Figure 3. Spontaneous gait phenotype: exploratory activity. Results are expressed as mean ± SEM. (A) Freezing (latency of movement); (B) Rearing; (C) Vertical and horizontal activities. Statistics: One-way ANOVA followed by post-hoc Bonferroni test, *p < 0.05, **p < 0.01, and ***p < 0.001 in 3xTg-AD vs. the NTg group; ^#p < 0.05 and ^##p < 0.01, ^###p < 0.001 in 3xTg-AD/ISO vs. the NTg group. Student's t-test, 3xTg-AD vs. NTg, in Freezing (Latency of movement), @ indicates isolation. (D) Behaviors associated with exploration and circling bizarre behaviors, results are expressed as incidences of bizarre behaviors (%). Statistics: X², ***p < 0.01, **p < 0.05, *p < 0.05, ^n.s.p > 0.05, g indicates genotype, and @ indicates isolation.

FIGURE 4

Figure 4. Spontaneous gait phenotype: quantitative parameters of gait. Results are expressed as mean ± SEM. (A) Stride Length; (B) Variability of Stride Length; (C) Base of Support; (D) Speed; (E) Cadence. Statistics: One-way ANOVA followed by post-hoc Bonferroni test, *p < 0.05, **p < 0.01, and ***p < 0.001 in 3xTg-AD vs. the NTg group; ^#p < 0.05 and ^##p < 0.01, ^###p < 0.001 in 3xTg-AD/ISO vs. the NTg group.

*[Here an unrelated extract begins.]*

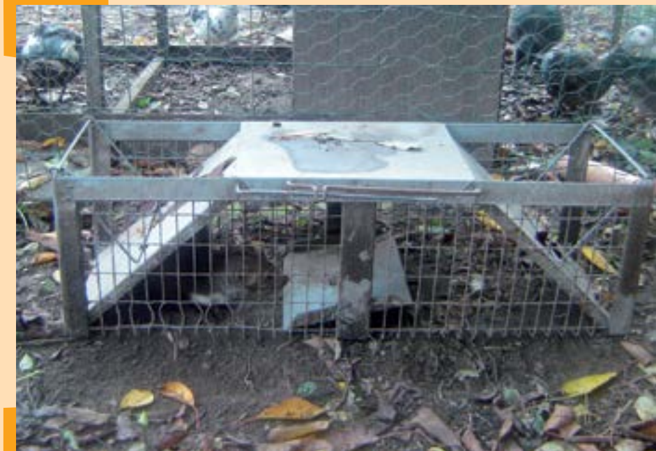
Boîte à fauve

régulation des animaux nuisibles (entreprises de dératisation...) et qui parfois étendent leurs services au piégeage des fouines.

Since the beginning of the test, genotype-dependent differences were found in freezing behavior since it was only present in both groups of transgenic mice [Trial 1, Fisher (df 2), p = 0.004; Trial 2, Fisher (df 2), p = 0.006]. Backward movement and stretching were also observed. These bizarre behaviors were elicited in greater frequency in transgenic animals, with the most frequent stretching recorded in the 3xTg-AD/ISO group [Trial 1, X² (df 2); p = 0.042]. Both types of movements indicate the intention to explore before traveling through a given space (Figure 3D).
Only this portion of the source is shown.